Une ombre se découpa dans la porte, et Otso parut. Il s’adressa respectueusement au vieil Irigaray.
« Père, voulez-vous demander aux étrangers s’ils pourraient déplacer leur oiseau de métal qui est devant le fronton ? »
Le vieillard expliqua : la place où ils avaient atterri était réservée à un jeu de balle et, comme c’était jour de repos, à part les veilleurs dans leurs nids d’aigle et les forgerons préparant les armes, nul ne travaillerait parmi les hommes.
« Bien volontiers. Où pouvons-nous le poser sans qu’il soit une gêne ?
— Sur le pré.
— J’y vais », dit Hassil.
L’avion décolla à la verticale. Quatre jeunes hommes s’avancèrent alors, et se mirent à jouer. Akki admira leur souplesse et leur adresse. C’étaient vraiment de beaux types d’hommes que ces Vasks, et, bien qu’il n’eût aucun goût pour les philosophies primitivistes, il préférait la leur à celle des Bérandiens. Le plus vif, le plus rapide, le plus sûr était sans contredit Otso, le plus calme aussi. Il ne lui échappait ni geste de dépit ni juron, quand par hasard il manquait la balle.

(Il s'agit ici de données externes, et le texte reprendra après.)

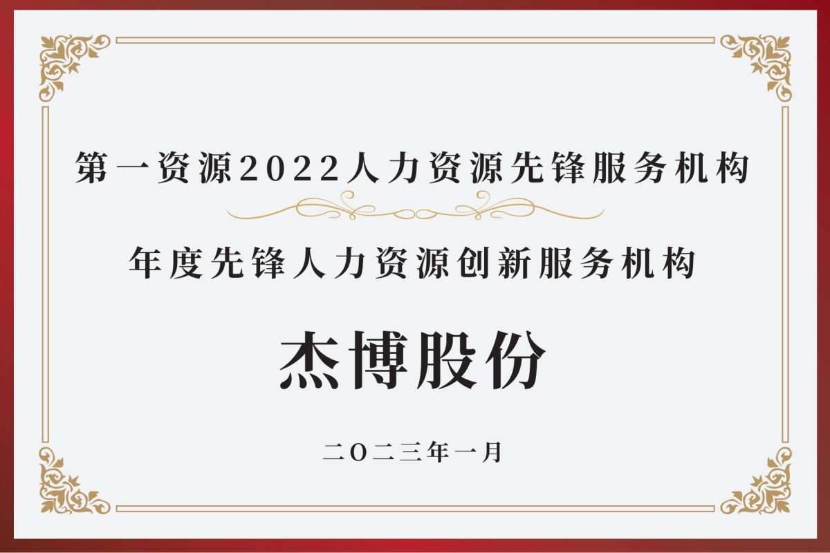 杰博股份,秉持“賦能產(chǎn)業(yè)、成就人才”的使命,致力于成為一家顧問(wèn)式、綜合性的人力資源服務(wù)機構。為客戶(hù)提供:高素質(zhì)干部隊伍服務(wù)(人才咨詢(xún)、人才測評、人才獵頭、人才培養、出海人才)、高水平創(chuàng )新型人才和企業(yè)家隊伍服務(wù)(企業(yè)家教練、科技人才獵頭、科技項目引進(jìn)、科技項目賦能、人才培訓、產(chǎn)教融合、退伍軍人就業(yè)賦能、隨軍家屬就業(yè)賦能)、高素質(zhì)勞動(dòng)者隊伍服務(wù)(靈活用工、出海人力、勞務(wù)派遣、招聘流程外包、業(yè)務(wù)外包、小杰閃查、技能培訓)以及增值服務(wù)(福利產(chǎn)品定制、“智能招聘”平臺、“業(yè)財一體化”平臺、政府產(chǎn)業(yè)發(fā)展服務(wù)、電力用戶(hù)效能提升服務(wù))等。 杰博股份,業(yè)務(wù)布局始終圍繞“成就所有人的JOB”這一愿景,以員工內在的素質(zhì)、技能提升和企業(yè)管理、科技水平提升為兩個(gè)路徑,高質(zhì)量服務(wù)人力資源市場(chǎng)供需兩個(gè)主體,為客戶(hù)創(chuàng )造更多價(jià)值,助力客戶(hù)業(yè)務(wù)的提升。 多年的砥礪前行,離不開(kāi)客戶(hù)的厚愛(ài)。在未來(lái)的發(fā)展歷程中,全體杰博人將秉執“簡(jiǎn)單 快樂(lè ) 言行一致 財富共享”的價(jià)值理念,為客戶(hù)提供全方位、多層次、更優(yōu)質(zhì)的人力資源服務(wù)解決方案,與客戶(hù)和人才攜手共進(jìn),共創(chuàng )輝煌!

La partie s’acheva, et Akki se leva.
« Puis-je essayer ? »
Surpris, ils se regardèrent, puis l’un d’eux, rieur, tendit la balle. Akki la soupesa, la tâta. Très dure, elle était enveloppée de cuir. Il la lança en l’air, la cueillit d’une volée sèche. Elle s’écrasa contre le fronton, rebondit. Il était où il fallait, pour la renvoyer. Un des jeunes gens entra dans le jeu, et pendant quelques minutes, ils échangèrent rapidement des pelotes.
Otso s’avança.
« Le jeu semble vous être familier.
— Il vient de la Terre, n’est-ce pas ?
— Oui, mais ce fut toujours notre jeu. D’autres Terriens l’avaient adopté, et le jouaient plus ou moins bien…
— Nous le connaissons aussi, sur ma planète.

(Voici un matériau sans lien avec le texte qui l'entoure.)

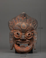 This hand-carved mask features a powerful and expressive face, often used for ceremonial or protective purposes. It is 27 cm high and 20.5 cm wide and crafted from wood, showcasing intricate detailing. The figure's large, bulging eyes give it a fierce, intense look, exuding wrathful energy. The crown at the top signifies authority or divine power, while the urna at the forehead adds a symbolic element. In Buddhist iconography, the urna is often associated with wisdom and enlightenment.

— Voulez-vous faire une vraie partie ?
— Quelles sont vos règles ? »
Otso les exposa.
« Elles ne diffèrent pas beaucoup des nôtres. J’accepte. »

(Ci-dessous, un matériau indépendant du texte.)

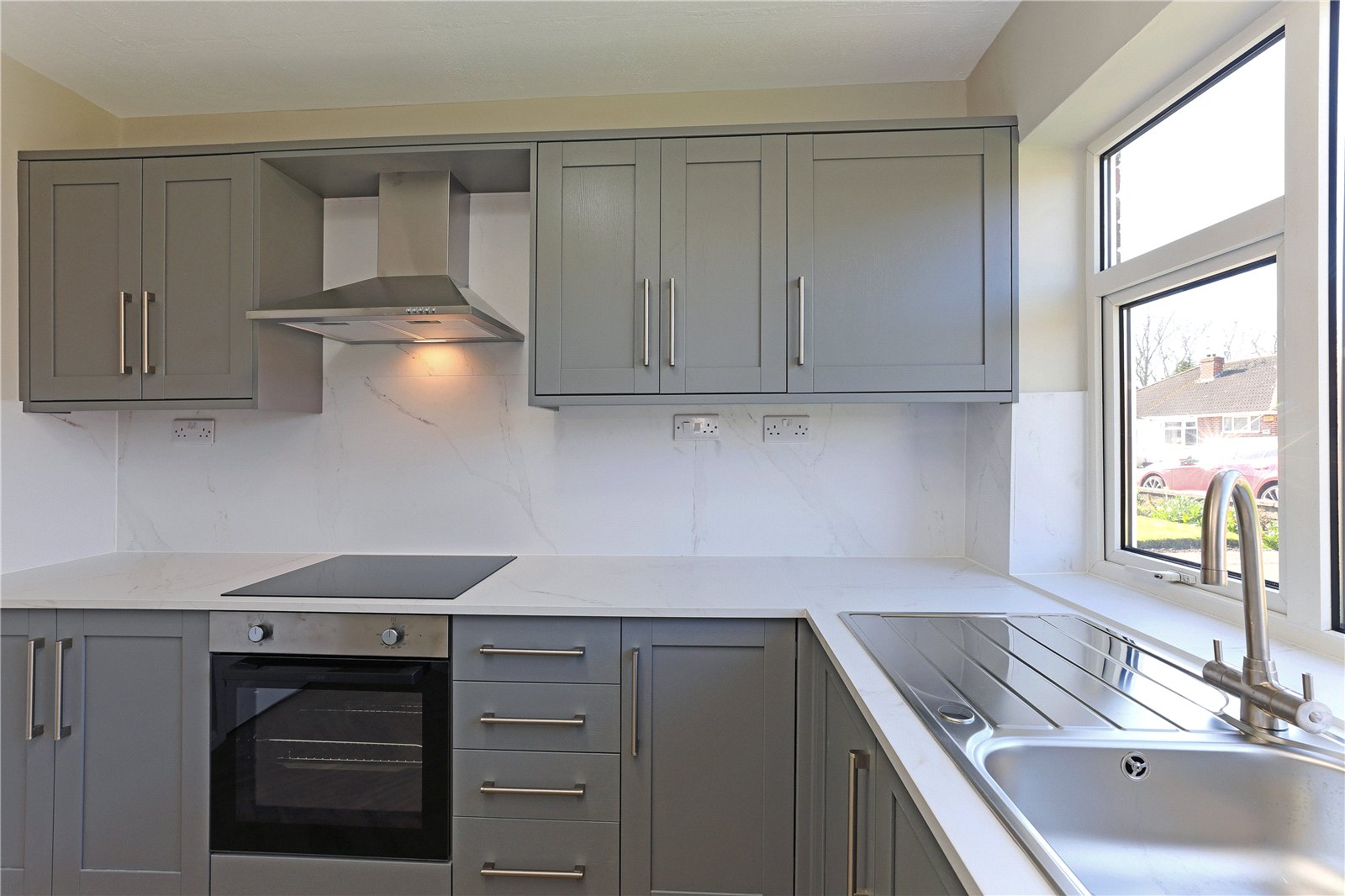 Kitchen 8'4" x 9'5" (2.54m x 2.87m). Recently refitted with a matching range of grey shaker style fronted wall and base units, contrasting marble effect worktops, stainless steel sink unit with single drainer and mixer tap unit, built in oven and hob with extractor hood over, central heating boiler, plumbing for automatic washing machine, double glazed window, single panel radiator.

Bien que sur Novaterra Akki eût été champion de jeu de pelote, il s’aperçut vite qu’il avait affaire à forte partie. Il avait dans son équipe un très jeune homme, et affrontait Otso et un Vask plus âgé. Longtemps le jeu fut indécis. À la fin, il perdit mais de façon très honorable. En nage, il se dirigea vers un banc pour s’asseoir, et s’arrêta, stupéfait. Une bonne moitié du village était là, à le regarder. Otso vint à lui, souriant.
« Vous êtes très fort ! Vous mériteriez d’être Vask ! »
Et il partit rejoindre Argui dans la foule.
« Savez-vous que vous avez résisté au champion des Sept Vallées ? demanda le vieil Irigaray. Et si Arambitz, votre partenaire, n’avait pas été aussi jeune, peut-être auriez-vous gagné. Je ne sais quel est le but de votre mission près de nous, mais vous l’avez bien commencée. »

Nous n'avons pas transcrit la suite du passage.